This article discusses setting paired reads without merging, which can be useful if you find that merge rates are low with BBMerge. Merging paired reads is closely related, and discussed here.
The below video gives a general introduction to pre-processing in Biologics. The first few videos in our Getting Started series may also be helpful, linked here.
Why use paired reads and not merged reads?
If your dataset has very low merge rates with BBMerge, you can instead pair the reads and feed these paired reads straight into the Biologics Annotation Pipelines. All of the Annotation pipelines can assemble paired reads together using the underlying logic of the reference database, leading to a better merge rate for antibody sequences.

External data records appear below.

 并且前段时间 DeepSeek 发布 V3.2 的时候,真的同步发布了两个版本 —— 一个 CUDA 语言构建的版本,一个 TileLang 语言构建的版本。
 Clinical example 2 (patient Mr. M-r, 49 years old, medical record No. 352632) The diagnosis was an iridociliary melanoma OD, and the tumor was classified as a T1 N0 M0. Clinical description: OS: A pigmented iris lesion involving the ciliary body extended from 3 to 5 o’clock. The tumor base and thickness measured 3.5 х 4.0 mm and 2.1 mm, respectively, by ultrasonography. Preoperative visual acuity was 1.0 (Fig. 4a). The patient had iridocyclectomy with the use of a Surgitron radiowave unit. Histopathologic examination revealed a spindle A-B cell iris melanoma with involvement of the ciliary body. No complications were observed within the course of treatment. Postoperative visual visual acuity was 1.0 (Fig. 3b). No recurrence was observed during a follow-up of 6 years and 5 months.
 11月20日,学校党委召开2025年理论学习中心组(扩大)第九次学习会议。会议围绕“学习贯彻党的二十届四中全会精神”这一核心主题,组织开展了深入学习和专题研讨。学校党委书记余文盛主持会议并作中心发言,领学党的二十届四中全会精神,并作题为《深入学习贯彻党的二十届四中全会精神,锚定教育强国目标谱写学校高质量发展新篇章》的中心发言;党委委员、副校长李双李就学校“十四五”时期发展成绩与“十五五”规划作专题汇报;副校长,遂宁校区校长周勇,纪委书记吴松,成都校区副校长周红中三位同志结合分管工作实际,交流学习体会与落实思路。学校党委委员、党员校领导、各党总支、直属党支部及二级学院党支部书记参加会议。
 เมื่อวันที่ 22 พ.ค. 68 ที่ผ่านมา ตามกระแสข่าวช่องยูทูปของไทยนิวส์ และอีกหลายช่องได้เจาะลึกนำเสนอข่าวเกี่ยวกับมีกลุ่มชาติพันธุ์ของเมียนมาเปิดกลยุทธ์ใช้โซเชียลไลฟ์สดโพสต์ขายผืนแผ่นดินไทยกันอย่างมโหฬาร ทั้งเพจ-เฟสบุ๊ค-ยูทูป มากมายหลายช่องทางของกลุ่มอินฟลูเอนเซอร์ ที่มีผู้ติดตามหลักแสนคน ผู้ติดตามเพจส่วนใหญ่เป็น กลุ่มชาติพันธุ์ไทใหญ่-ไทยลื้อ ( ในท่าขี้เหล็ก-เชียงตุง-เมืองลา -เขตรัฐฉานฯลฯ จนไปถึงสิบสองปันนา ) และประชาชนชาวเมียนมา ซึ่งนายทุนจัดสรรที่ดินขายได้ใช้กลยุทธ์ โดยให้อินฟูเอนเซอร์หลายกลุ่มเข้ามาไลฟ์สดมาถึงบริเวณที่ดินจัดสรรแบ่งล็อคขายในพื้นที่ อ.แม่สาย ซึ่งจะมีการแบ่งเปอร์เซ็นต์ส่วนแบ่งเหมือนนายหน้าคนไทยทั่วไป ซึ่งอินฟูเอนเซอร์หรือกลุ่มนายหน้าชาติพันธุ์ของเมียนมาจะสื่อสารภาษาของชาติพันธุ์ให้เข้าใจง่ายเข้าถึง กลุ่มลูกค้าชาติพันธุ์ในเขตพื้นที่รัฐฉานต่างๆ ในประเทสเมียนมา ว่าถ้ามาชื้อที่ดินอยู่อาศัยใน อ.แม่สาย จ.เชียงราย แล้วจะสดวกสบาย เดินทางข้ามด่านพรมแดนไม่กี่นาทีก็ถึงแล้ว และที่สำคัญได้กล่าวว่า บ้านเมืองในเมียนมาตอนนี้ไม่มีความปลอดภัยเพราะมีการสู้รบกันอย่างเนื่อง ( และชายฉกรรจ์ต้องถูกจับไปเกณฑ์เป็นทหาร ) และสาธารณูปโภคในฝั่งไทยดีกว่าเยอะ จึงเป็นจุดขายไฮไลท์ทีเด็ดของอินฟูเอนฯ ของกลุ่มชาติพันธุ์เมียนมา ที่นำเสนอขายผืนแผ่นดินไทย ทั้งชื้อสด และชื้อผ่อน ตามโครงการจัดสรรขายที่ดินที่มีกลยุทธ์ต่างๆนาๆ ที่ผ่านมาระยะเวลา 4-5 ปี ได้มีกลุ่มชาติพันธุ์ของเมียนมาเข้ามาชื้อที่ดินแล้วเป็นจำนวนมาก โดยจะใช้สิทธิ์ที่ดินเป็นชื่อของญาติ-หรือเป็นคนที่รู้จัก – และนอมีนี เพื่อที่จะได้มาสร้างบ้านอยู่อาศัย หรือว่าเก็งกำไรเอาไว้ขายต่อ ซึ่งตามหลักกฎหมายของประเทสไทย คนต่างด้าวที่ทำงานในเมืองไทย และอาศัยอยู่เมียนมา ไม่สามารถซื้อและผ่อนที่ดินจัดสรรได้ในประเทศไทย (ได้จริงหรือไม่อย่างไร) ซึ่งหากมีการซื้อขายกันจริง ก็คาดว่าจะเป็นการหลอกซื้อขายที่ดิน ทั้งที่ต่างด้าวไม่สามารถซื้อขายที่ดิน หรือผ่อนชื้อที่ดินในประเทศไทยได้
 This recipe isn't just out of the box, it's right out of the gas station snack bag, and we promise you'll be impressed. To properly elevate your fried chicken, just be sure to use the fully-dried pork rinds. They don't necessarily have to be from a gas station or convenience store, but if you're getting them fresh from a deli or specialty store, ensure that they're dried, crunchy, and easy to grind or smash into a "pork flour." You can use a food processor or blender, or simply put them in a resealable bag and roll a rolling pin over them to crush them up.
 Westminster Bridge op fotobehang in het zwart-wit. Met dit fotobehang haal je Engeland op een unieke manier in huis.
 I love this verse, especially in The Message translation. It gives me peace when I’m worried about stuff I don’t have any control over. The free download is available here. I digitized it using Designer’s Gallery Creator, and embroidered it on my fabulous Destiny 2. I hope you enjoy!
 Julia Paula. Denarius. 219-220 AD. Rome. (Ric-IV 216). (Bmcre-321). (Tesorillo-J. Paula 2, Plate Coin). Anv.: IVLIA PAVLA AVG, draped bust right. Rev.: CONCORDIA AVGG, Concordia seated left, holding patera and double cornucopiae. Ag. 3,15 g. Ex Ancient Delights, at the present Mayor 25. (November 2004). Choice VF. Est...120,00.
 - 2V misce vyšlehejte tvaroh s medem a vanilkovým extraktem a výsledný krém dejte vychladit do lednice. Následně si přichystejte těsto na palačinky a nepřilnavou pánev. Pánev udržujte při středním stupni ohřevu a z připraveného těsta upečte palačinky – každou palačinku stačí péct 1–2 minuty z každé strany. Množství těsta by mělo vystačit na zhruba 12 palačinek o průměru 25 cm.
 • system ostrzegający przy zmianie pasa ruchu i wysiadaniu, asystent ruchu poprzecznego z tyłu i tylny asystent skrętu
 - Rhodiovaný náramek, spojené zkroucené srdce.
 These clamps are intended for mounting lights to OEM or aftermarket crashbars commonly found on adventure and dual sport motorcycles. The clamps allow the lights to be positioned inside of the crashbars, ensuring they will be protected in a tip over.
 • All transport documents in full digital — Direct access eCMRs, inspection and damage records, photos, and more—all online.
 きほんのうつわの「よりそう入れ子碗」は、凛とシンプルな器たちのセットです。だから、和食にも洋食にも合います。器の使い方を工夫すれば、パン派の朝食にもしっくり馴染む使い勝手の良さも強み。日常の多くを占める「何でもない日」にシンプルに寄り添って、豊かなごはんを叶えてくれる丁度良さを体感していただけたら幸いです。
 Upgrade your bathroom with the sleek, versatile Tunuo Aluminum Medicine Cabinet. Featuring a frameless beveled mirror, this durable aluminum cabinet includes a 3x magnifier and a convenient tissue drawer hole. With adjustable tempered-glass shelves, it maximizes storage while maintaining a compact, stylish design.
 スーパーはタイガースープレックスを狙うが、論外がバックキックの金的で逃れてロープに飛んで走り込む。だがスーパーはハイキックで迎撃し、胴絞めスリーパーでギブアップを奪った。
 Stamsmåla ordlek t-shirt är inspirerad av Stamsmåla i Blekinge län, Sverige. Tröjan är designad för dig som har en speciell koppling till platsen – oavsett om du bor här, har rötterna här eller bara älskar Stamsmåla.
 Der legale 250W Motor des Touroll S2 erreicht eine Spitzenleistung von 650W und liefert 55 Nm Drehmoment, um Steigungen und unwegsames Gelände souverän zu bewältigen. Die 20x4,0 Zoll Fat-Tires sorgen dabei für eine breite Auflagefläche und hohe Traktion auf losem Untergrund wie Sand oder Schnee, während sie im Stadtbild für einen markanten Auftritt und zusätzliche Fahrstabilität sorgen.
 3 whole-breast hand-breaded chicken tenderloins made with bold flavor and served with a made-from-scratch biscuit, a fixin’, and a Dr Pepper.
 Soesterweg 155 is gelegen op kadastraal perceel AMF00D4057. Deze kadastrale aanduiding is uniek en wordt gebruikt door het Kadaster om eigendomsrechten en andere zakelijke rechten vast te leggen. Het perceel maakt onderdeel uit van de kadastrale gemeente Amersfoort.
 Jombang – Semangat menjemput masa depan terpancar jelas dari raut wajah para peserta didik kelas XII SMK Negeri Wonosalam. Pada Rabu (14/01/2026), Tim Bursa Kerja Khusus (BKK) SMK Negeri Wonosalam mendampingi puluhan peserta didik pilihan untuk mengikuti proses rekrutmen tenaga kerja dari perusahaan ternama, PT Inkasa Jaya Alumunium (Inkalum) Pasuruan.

- Note: this does not apply to the Antibody Annotator setting for
Both chains in associated sequences. In that case, the pairing of reads is used to represent paired heavy-light chains, rather than reads covering a single chain which can be merged/assembled.
Using Set & Merge Paired Reads
Read files from paired-end sequencing are required to be paired prior to assembly and this can be done using the Set & merge paired reads operation.
To set paired reads, select one or more sequence list documents and click the Set & merge paired reads option under the Pre-processing menu. Below are the pairing options available for sequence list documents:
-
Pairs of documents (most common) - The sequence lists are paired together and each read in one list is paired with the read at the same position in the other list. You will need to select 2 or more sequence lists to pair the sequences.
- Note: Lists will be assigned to "forward" or "reverse" in the order they appear in the options for Read Orientation according to the alphabetic order of the lists selected. For example, the list that comes first alphabetically will be considered the list that contains reverse reads for the Illumina mate ends - outward pointing option
- Interlaced sequences within each document - This is where both reads in a pair are in the same file, one after the other i.e. the first read is paired with the second, the third is paired with the fourth, etc. You need to select a sequence list containing an even number of reads to interlace them.
- Split each sequence in half (Not recommended)- This method was primarily used by the Polonator, an older sequencing technology. Use this when both reads in a pair have been concatenated together into a single read in the fastq file. The read will be split into two equal halves which are treated as pairs. All reads must be of the same length and have an even number of nucleotides to use this option.
- Match sequence names (Not recommended) (for standalone sequences, or within each list) - Pairs are identified by sorting the reads by name, and then pairing adjacent reads when the two names differ by a single character as long as the two different characters are in this list of possible pairs. Use this when the pairs may be in a random order or some reads may have their mate pair missing.
**Note that if you selected standalone sequence documents, you will only have the option to pair reads by Split each sequence in half and Match sequence names (for standalone sequences, or within each list).
As different sequencing technologies use different methods for generating reads, you can choose the appropriate settings for your data.
- Read Orientation - Different sequencing technologies orientate their paired reads differently.
- Expected length of sequenced region - Only applies to paired reads. This is the estimated distance between the outer ends of the reads. All paired read data will have a known expected distance between each pair given the experimental design. It is important you set this to the correct value to achieve good results when assembling with the Annotation pipelines.
- Read technology - This includes the sequencing platform and the types of reads generated.
Finally, select Set paired reads only as the Merge Rate and click Run. This will generate a new paired reads document containing the paired reads.